→ **TASK OBJECTIVE**: Each line of the data must reappear exactly in your answer, with no images included.

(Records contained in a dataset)
============================================================
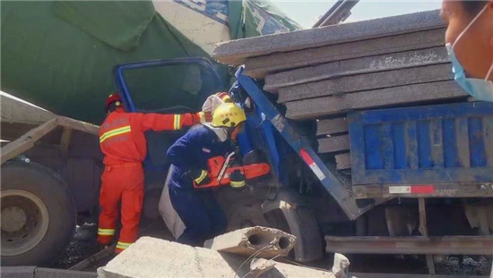 據(jù)了解,由于兩車相撞產(chǎn)生的沖擊力導(dǎo)致貨車與水泥灌車的車體緊緊連在一起,貨車駕駛員被卡在駕駛位上無(wú)法動(dòng)彈。為了能盡快將被困司機(jī)救出來(lái),現(xiàn)場(chǎng)指揮員指揮救援人員協(xié)助現(xiàn)場(chǎng)交警、路政部門立即對(duì)事故路段進(jìn)行封鎖處理,并設(shè)置安全員對(duì)過(guò)往車輛進(jìn)行警示,保證救援工作正常開展。同時(shí),另一組救援人員首先對(duì)壓住駕駛室的石板進(jìn)行清理,然后使用液壓器材工具組進(jìn)行破拆,并對(duì)駕駛員腿部被擠壓部位進(jìn)行擴(kuò)張。經(jīng)過(guò)十五分鐘的緊急救援,被困司機(jī)被成功救出后移交現(xiàn)場(chǎng)救護(hù)車送往醫(yī)院治療。
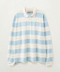 아페로 스트라이프 피케 롱 슬리브 스카이 블루
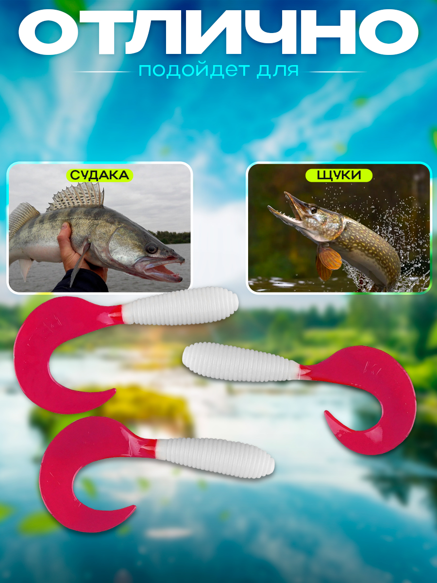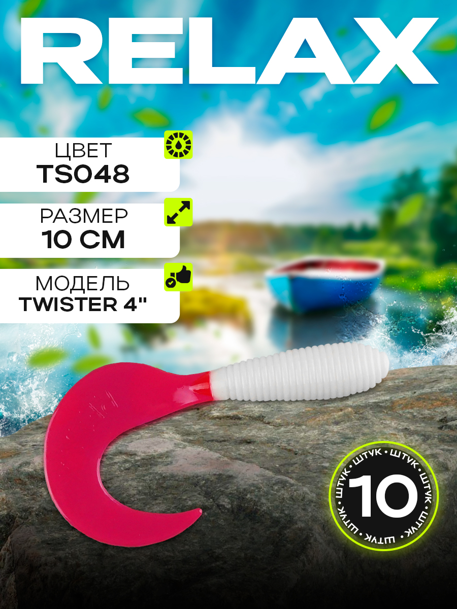 Твистеры Relax 4" 10см цвет TS048 (белый, красный) (10шт) (VR4)
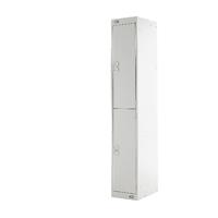Two door locker suitable for use in the office health education and dry area changing rooms. Fitted with deadlock and supplied with 2 keys per lock. Two compartments. Ventilated top and bottom. H1800 x W300 x D300mm. Colour: Light Grey.
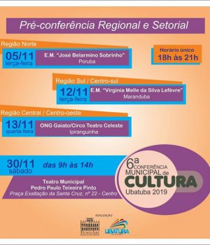 Interessados em fazer parte do Conselho Municipal de Política Cultural – CMPC deverão participar de pelo menos uma Pré-conferência Regional e Setorial para concorrer a eleição do setorial desejado no dia 30/11 na 6ª Conferência Municipal de Cultura de Ubatuba.
============================================================
→ **WRITTEN REPLY**:
 據(jù)了解,由于兩車相撞產(chǎn)生的沖擊力導(dǎo)致貨車與水泥灌車的車體緊緊連在一起,貨車駕駛員被卡在駕駛位上無(wú)法動(dòng)彈。為了能盡快將被困司機(jī)救出來(lái),現(xiàn)場(chǎng)指揮員指揮救援人員協(xié)助現(xiàn)場(chǎng)交警、路政部門立即對(duì)事故路段進(jìn)行封鎖處理,并設(shè)置安全員對(duì)過(guò)往車輛進(jìn)行警示,保證救援工作正常開展。同時(shí),另一組救援人員首先對(duì)壓住駕駛室的石板進(jìn)行清理,然后使用液壓器材工具組進(jìn)行破拆,并對(duì)駕駛員腿部被擠壓部位進(jìn)行擴(kuò)張。經(jīng)過(guò)十五分鐘的緊急救援,被困司機(jī)被成功救出后移交現(xiàn)場(chǎng)救護(hù)車送往醫(yī)院治療。
 아페로 스트라이프 피케 롱 슬리브 스카이 블루
 Твистеры Relax 4" 10см цвет TS048 (белый, красный) (10шт) (VR4)
Two door locker suitable for use in the office health education and dry area changing rooms. Fitted with deadlock and supplied with 2 keys per lock. Two compartments. Ventilated top and bottom. H1800 x W300 x D300mm. Colour: Light Grey.
 Interessados em fazer parte do Conselho Municipal de Política Cultural – CMPC deverão participar de pelo menos uma Pré-conferência Regional e Setorial para concorrer a eleição do setorial desejado no dia 30/11 na 6ª Conferência Municipal de Cultura de Ubatuba.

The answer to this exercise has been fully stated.